* DATA BELOW *
+===+
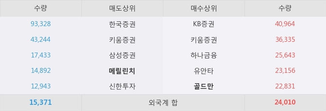 거래원 동향은 메릴린치, 삼성증권이 매도 상위 목록에 나타나고 있다. 한편, 매수 창구 상위에는 골드만이 눈에 띄고 있다.
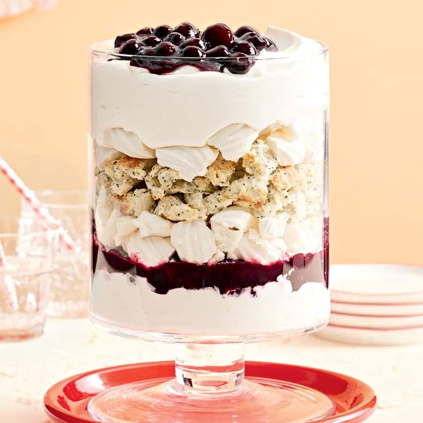 2. Casser les meringues en bouchées. Couvrir le fond d'un bol à diplomate d'une capacité de 12 t (3 L) de la moitié de la crème fouettée. Couvrir de la moitié de la compote de bleuets refroidie, puis de la moitié des morceaux de meringues. Couvrir successivement des morceaux de biscuits, du reste des meringues et du reste de la crème fouettée. Terminer avec le reste de la compote de bleuets. Couvrir le bol de pellicule plastique et réfrigérer 12 heures. (Le diplomate se conservera jusqu'au lendemain au réfrigérateur.) Laisser reposer 30 minutes à la température ambiante avant de servir.
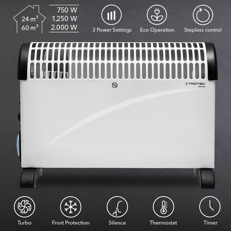 Trotec Επιδαπέδιος Θερμοπομπός 2000W Turbo με Ανεμιστήρα, 2 Επίπεδα Θέρμανσης, Ρυθμιζόμενο Θερμοστάτη & Χρονοδιακόπτη
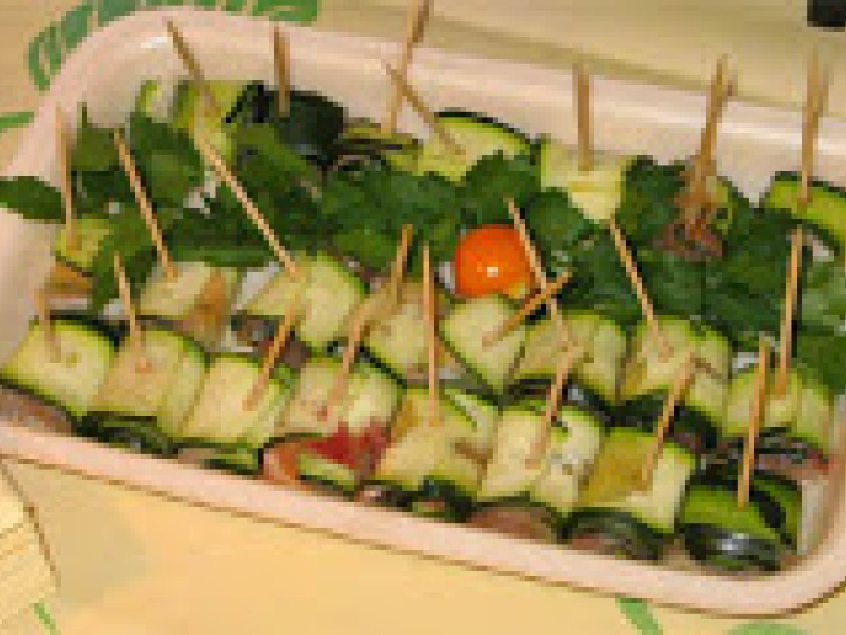 - 2) Avec un économe, prélevez de longues lamelles de courgettes (arretez vous aux pépins). Sur chaque lamelle mettez un trait de pesto et ajoutez une lamelle fine de jambon.
+===+
* THE TASK *
What do the lines above say from the line containing "Trotec Επιδαπέδιος Θερμοπομπός" through the last line? Quote them exactly, both ends included, and leave out the pictures.

* TASK OUTPUT *
 Trotec Επιδαπέδιος Θερμοπομπός 2000W Turbo με Ανεμιστήρα, 2 Επίπεδα Θέρμανσης, Ρυθμιζόμενο Θερμοστάτη & Χρονοδιακόπτη
 - 2) Avec un économe, prélevez de longues lamelles de courgettes (arretez vous aux pépins). Sur chaque lamelle mettez un trait de pesto et ajoutez une lamelle fine de jambon.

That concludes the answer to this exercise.